The point being - you haven't given it enough time!!! I know the algae is ugly, but algae are helping to restore balance by taking out excessive amounts of nutrients, and you're helping to further restore the balance by manually removing the algae - thus removing the excessive nutrients from the system. Given time, the amount of algae will diminish and the plants will take over (with a lot of help from the symbiotic microfauna) and the tank will balance itself out. 

All tanks have some algae because they aren't closed systems (we add food and water) and algae isn't a bad thing. All new tanks have enormous blooms of algae. I know of several very successful aquarists who let the algae rule on its own for a few months while the tank "cycles." Even the ever-famous Amano won't photograph a tank for the first several months. It is a natural part of our hobby.

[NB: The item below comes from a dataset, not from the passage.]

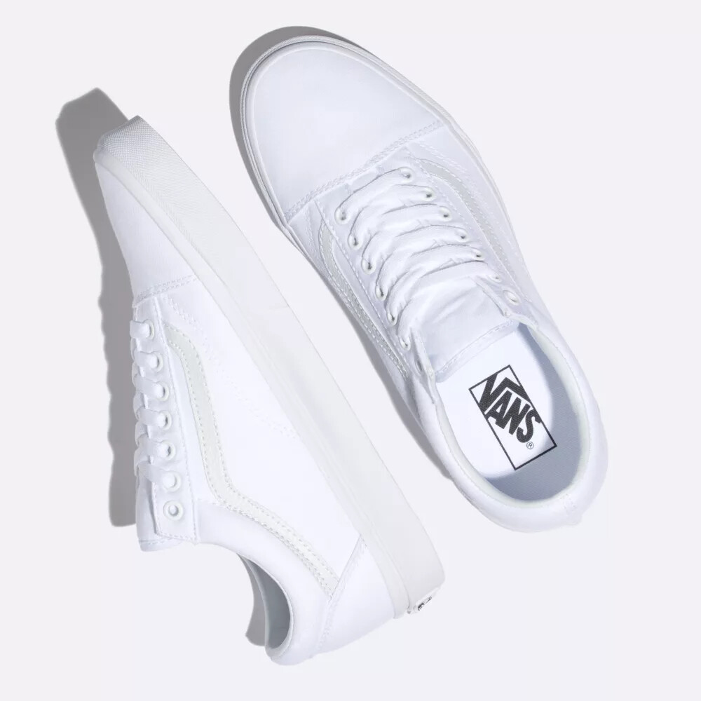 The Old Skool, the Vans classic skate shoe and first to bare the iconic sidestripe, is a low top lace-up featuring sturdy canvas and synthetic uppers, re-enforced toe caps to withstand repeated wear, padded collars for support and flexibility, and signature rubber waffle outsoles.

Believe me - let the tank cycle and reach its own balance. Changing the lights, adding/subtracting ferts, CO2, etc. will only increase the inbalance of the tank. If you keep doing it your tank could never balance out. Do your regular routine (whatever you want to do with the tank) and let the tank do its thing. Don't get me wrong, I still think you should do water changes, feed your fish, and perform routine maintenance by removing any dead leaves, animals, and as much algae as possible because these things are part of maintaining the balance, just don't worry so much and don't give up. Some of the tanks I've done don't look good until the fourth or fifth month. That is just part of the hobby.

I hope this helped a little.


----------



## bigstick120 (Mar 8, 2005)

That could be your problem, you dont use tap or tank water in the drop checker. Only use the 4 dkh water.



Carlos1583 said:


> Thanks for the responses. I will cut back on the light to combat the algae. I was thinking part of the problems with the plants, especially the limnophilia, was the bottom of the stems are melting/weak and I assumed that there was not enough light.
> 
> TexGal: I slowly increased the CO2 until I noticed the fish were gasping and then I backed off slightly. My concern with excel is the vals melting. Would I have to worry about that or just hope for the best? I do believe I need more plants but I also hate to keep spending money only to lose them for whatever reason. I had many stems of bacopa in the tank and slowly each of them melted at the bottom of the stems. I'll see if I can buy more plants soon to help with the nutrients but I haven't tested my water yet. I'll try to test them this weekend if I can...
> 
> Seattle_Aquarist and Bigstick120: I have tried the drop checker and unfortunately it doesn't really work for me. I used 4 Kdh water that I bought online and put it in a red sea CO2 drop checker and the color would never change from yellow. No matter if the Co2 was off the entire night, the drop checker was yellow in the morning. I assumed that because the kH in the tap water is extremely high it takes much more CO2 to saturate the water to the proper levels and I figured the drop checker would not be accurate. I can try again and see if there's a difference.


----------



## Carlos1583 (Jul 7, 2006)

Thanks for the encouragement dryn...definitely appreciated. I wouldn't mind the algae so much if the plants were doing better than they are now. Hopefully I can do some changes and start a light fert routine while the tank balances out

Bigstick: I did use 4kdh water for the drop checkers and it was constantly yellow no matter what. I still have plenty of it and I'll see if I can find a drop checker or buy another one and try again. Is there a better one that the redsea version?


----------



## bigstick120 (Mar 8, 2005)

I use the all glass ones. Green leaf carries them, or check ebay.


----------